A regulação da organização educativa não pode interferir com as lógicas de funcionamento do mercado de trabalho imposto pela globalização. Esta ideologia atribui um papel importante aos técnicos de reinserção social e aos gestores escolares na gestão da questão social que corroboram na definição da questão educativa.
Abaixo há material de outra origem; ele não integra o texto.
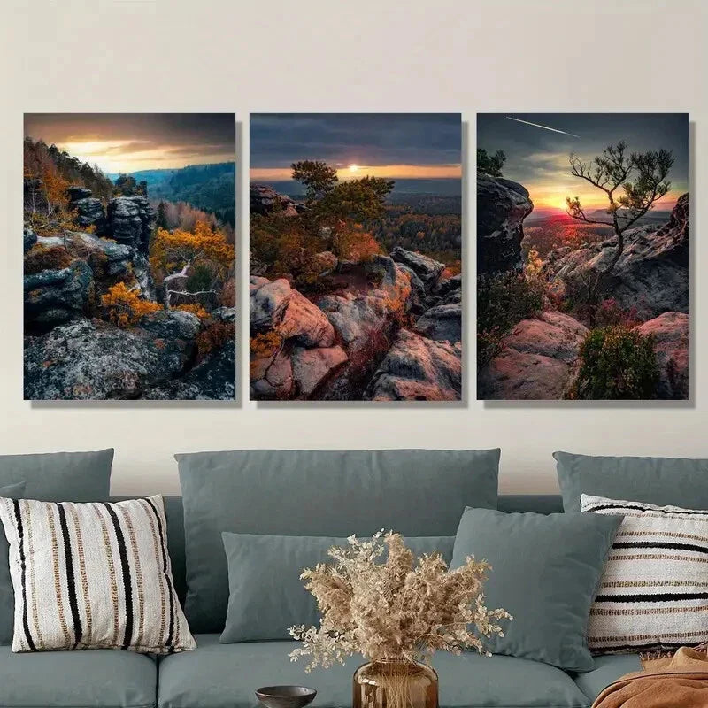 3pcs Switzerland, sunset in Saxon Switzerland Metal Print Ready to Hang Art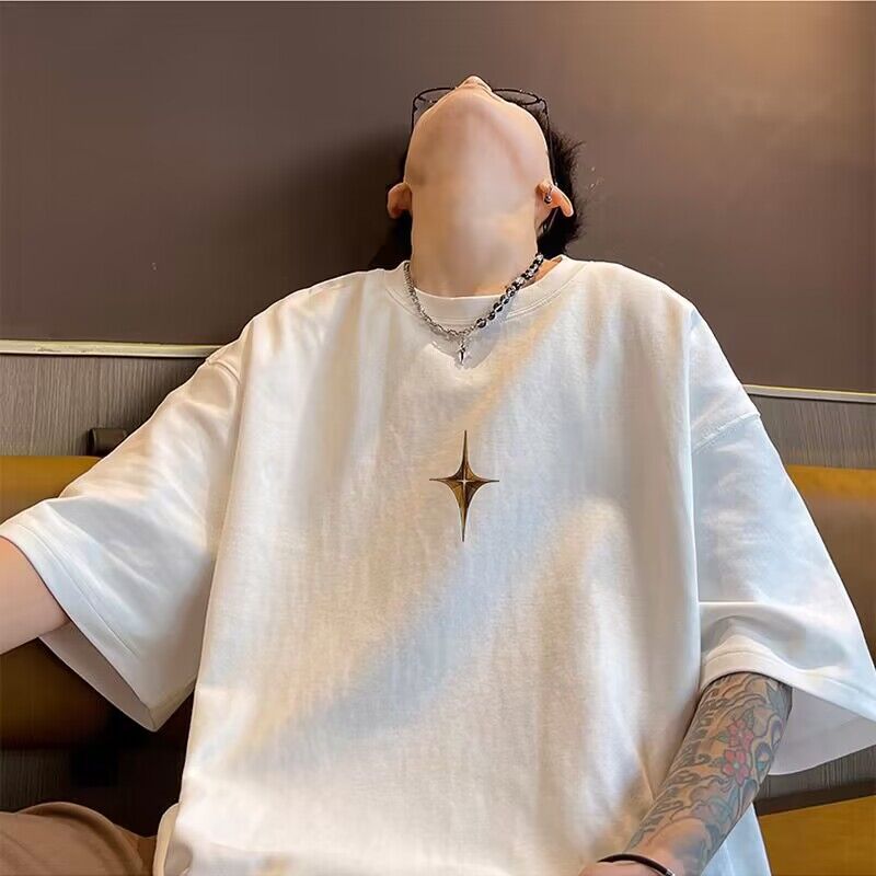 白色短袖T恤男款夏季潮牌美式高街宽松休闲潮流五分半袖纯棉衣服t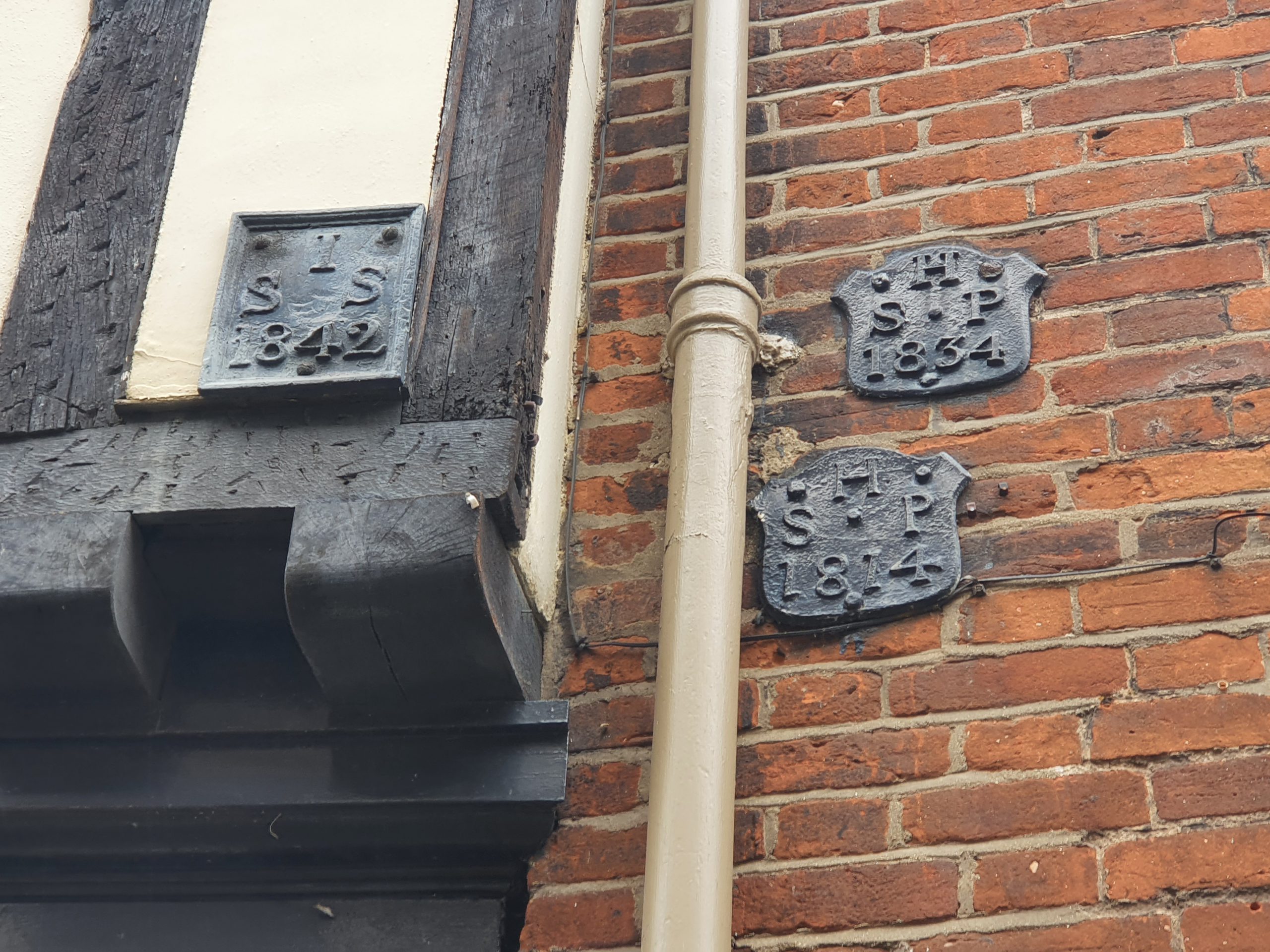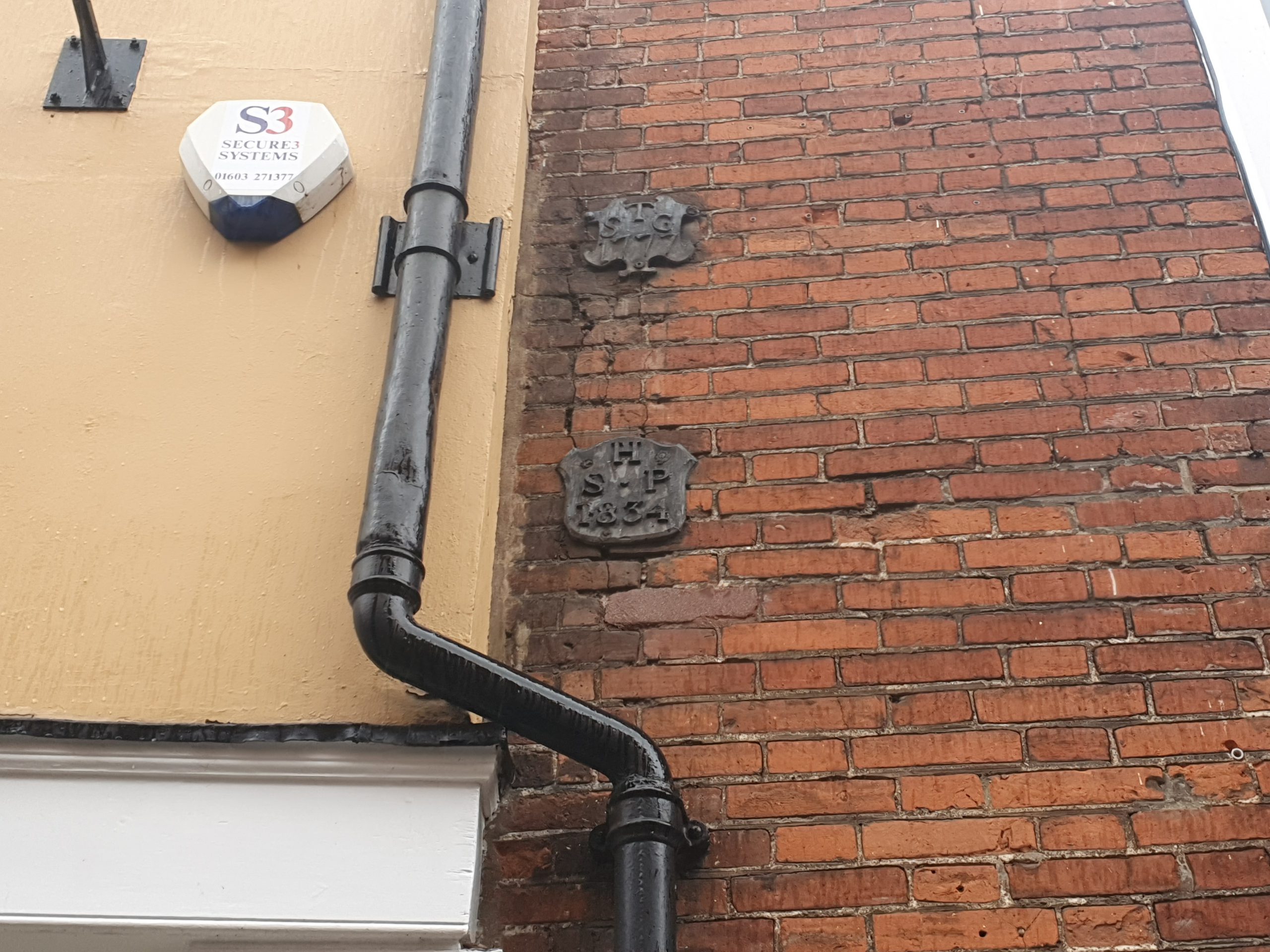 And these are the parish boundary markers on Elm Hill, with the boundary of St. Simon and St. Jude on the left from 1842, and St. Peter Hungate on the right from 1814 and 1834. The parish boundaries are rarely logical, twisting and turning through buildings, so these iron markers really were essential.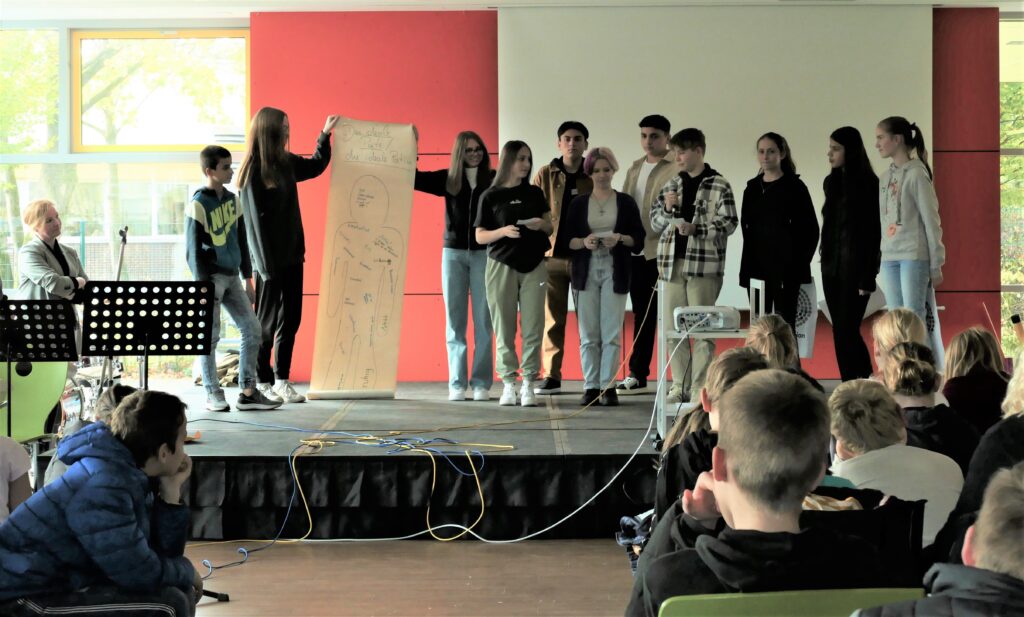 Schulleiterin Maria Lau bedankte sich bei den SchülerInnen und Lehrkräften für das großartige Engagement während der Projekttage und fügte hinzu: „Wir fühlen uns als Schule ohne Rassismus und Schule mit Courage selbstverständlich auch weiterhin verpflichtet, uns für ein respektvolles Miteinander einzusetzen und uns gegen Ausgrenzungen jeglicher Art zu engagieren“.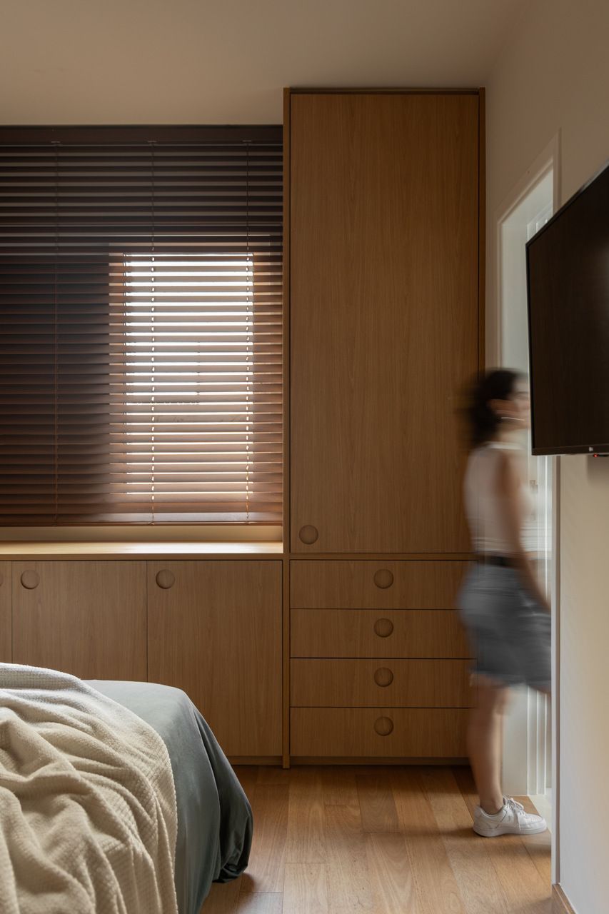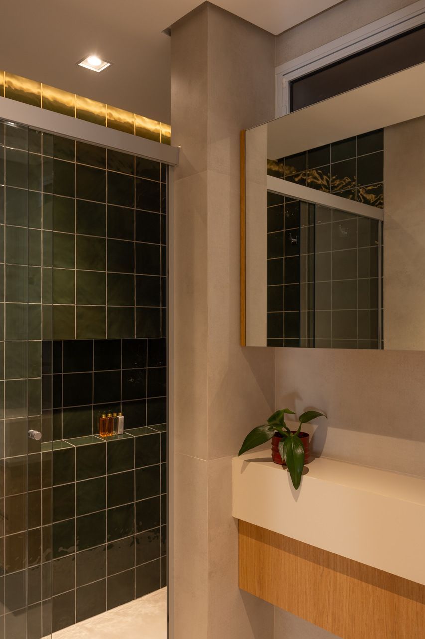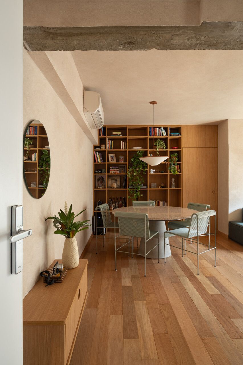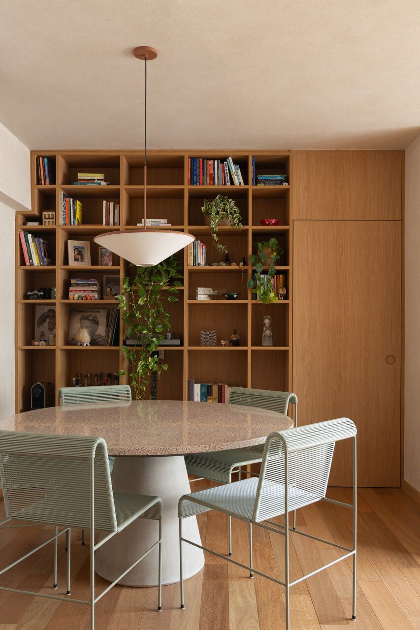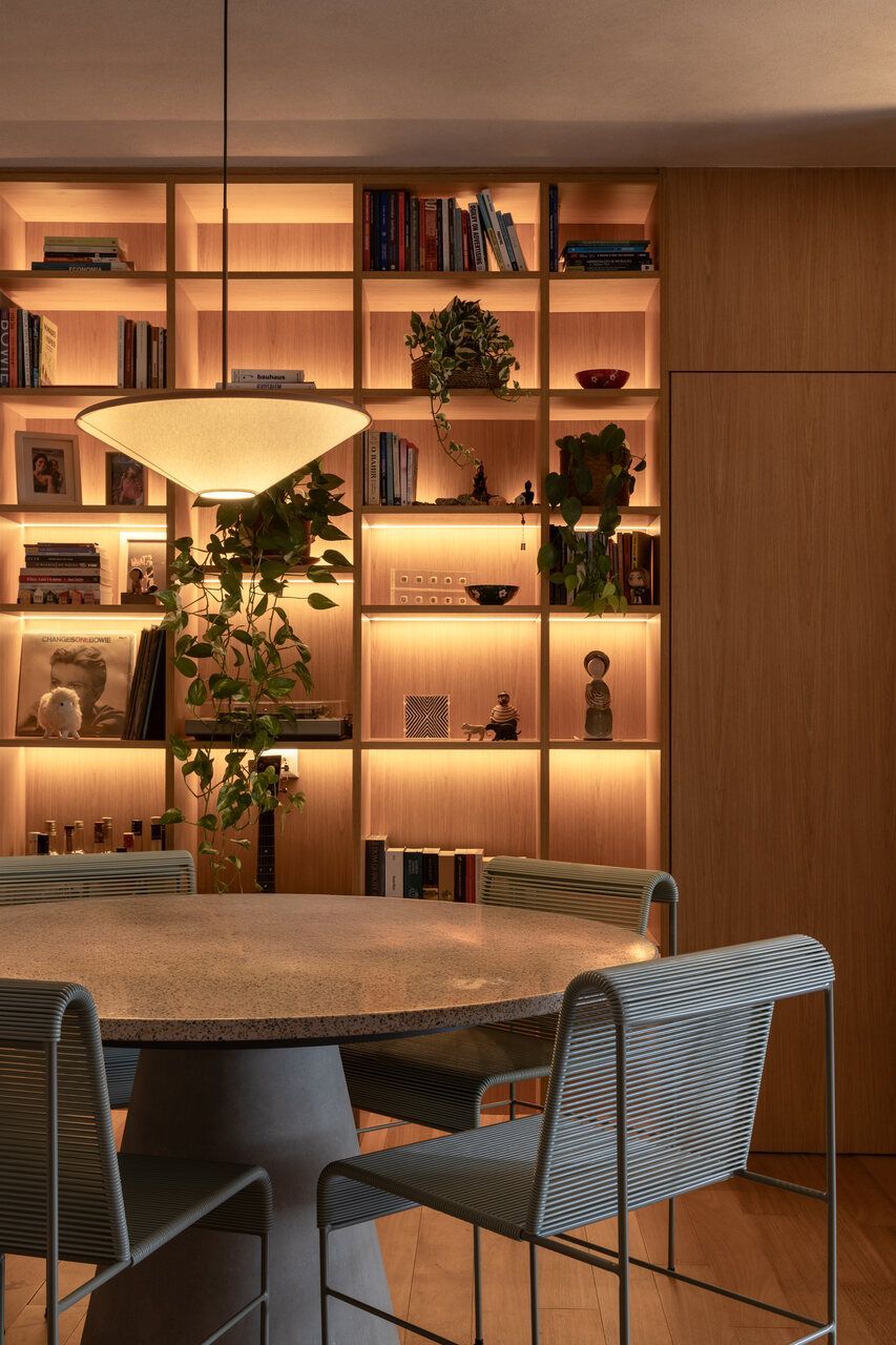 Na distribuição dos ambientes, o projeto equilibra funcionalidade e flexibilidade. São três dormitórios, sendo uma suíte, além de living, jantar e cozinha totalmente integrados, lavabo, área de serviço separada e quarto de despejo. A suíte se destaca pelo planejamento minucioso dos armários e pelo banheiro com bancada em quartzito e metais de design. O lavabo assume papel cênico, com iluminação teatral e revestimento marcante. Já a estante do jantar, desenhada sob medida, abriga livros, discos de vinil, plantas e objetos de viagem, traduzindo a personalidade das moradoras.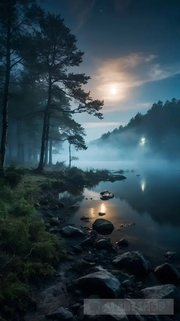 A dreamy landscape where the mystery lies HD, high quality, real, looks like it was taken with a professional camera, beautiful moon, delicate fog, in the deep forest and lake, high resolution,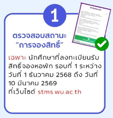 สำหรับนักศึกษาที่ลงทะเบียนรับสิทธิ์จองหอพัก รอบที่ 1 ระหว่างวันที่ 1 ธันวาคม 2568 – 10 มีนาคม 2569 ผ่านเว็บไซต์ stms.wu.ac.th หลังจากที่นักศึกษาได้ดำเนินการ ยืนยันสิทธิ์ในระบบ myTCAS เรียบร้อยแล้ว อย่าลืมดำเนินการตามขั้นตอนสำคัญที่มหาวิทยาลัยกำหนด เพื่อให้การจองหอพักเสร็จสมบูรณ์และไม่เสียสิทธิ์ในการเข้าพักในหอพักนักศึกษา นักศึกษาควรตรวจสอบข้อมูลและดำเนินการตามกำหนดเวลาที่ระบุไว้อย่างเคร่งครัด เนื่องจากแต่ละขั้นตอนมีความสำคัญต่อการยืนยันสิทธิ์การเข้าพัก หากไม่ดำเนินการตามระยะเวลาที่กำหนด อาจทำให้สิทธิ์การจองหอพักถูกยกเลิกได้ ดังนั้นจึงควรติดตามประกาศและรายละเอียดจากมหาวิทยาลัยอย่างต่อเนื่อง

Segundo Lemos (op cit.) “é necessária a mobilização e participação empenhada de todos os agentes educativos –

43 professores, estudantes, técnicos, famílias – (…) de processos de regionalização avançados, de articulação entre o poder central, o poder regional e o poder local” (p. 12) para que se possa responder adequadamente às mudanças que se vão assistindo na sociedade, que permitam o progresso social do país e uma melhoria da qualidade de vida de todos os cidadãos, promovendo-lhes uma aprendizagem para a vida.

Na introdução da Conferência Mundial de Educação para Todos pode ler-se que “o estatuto da educação está a mudar, anteriormente vista como um factor de unidade e integração dentro das sociedades, capaz de vencer diferenças e desigualdades sociais e económicas, está hoje a tornar-se cada vez mais uma fonte dessas mesmas diferenças e desigualdades, numa economia global que privilegia os que possuem maiores aptidões e limita as oportunidades dos que as não têm” (Delors, 1998, p.13). Assiste-se nesta era, a da globalização, ao fomento de uma aprendizagem baseada em competências de vida, em conhecimentos que se adquirem ao longo da vida. Os alunos são, hoje, preparados para e num sentido de oportunidade, com base no desenvolvimento da responsabilidade e do sentido de justiça. Delors (op cit.) atribui ao professor o papel de agente de mudança, o que promove e implementa a compreensão e a tolerância para a miscigenação linguística e para o pluralismo étnico-cultural a que se assiste, nesta sociedade que se afirma democrática.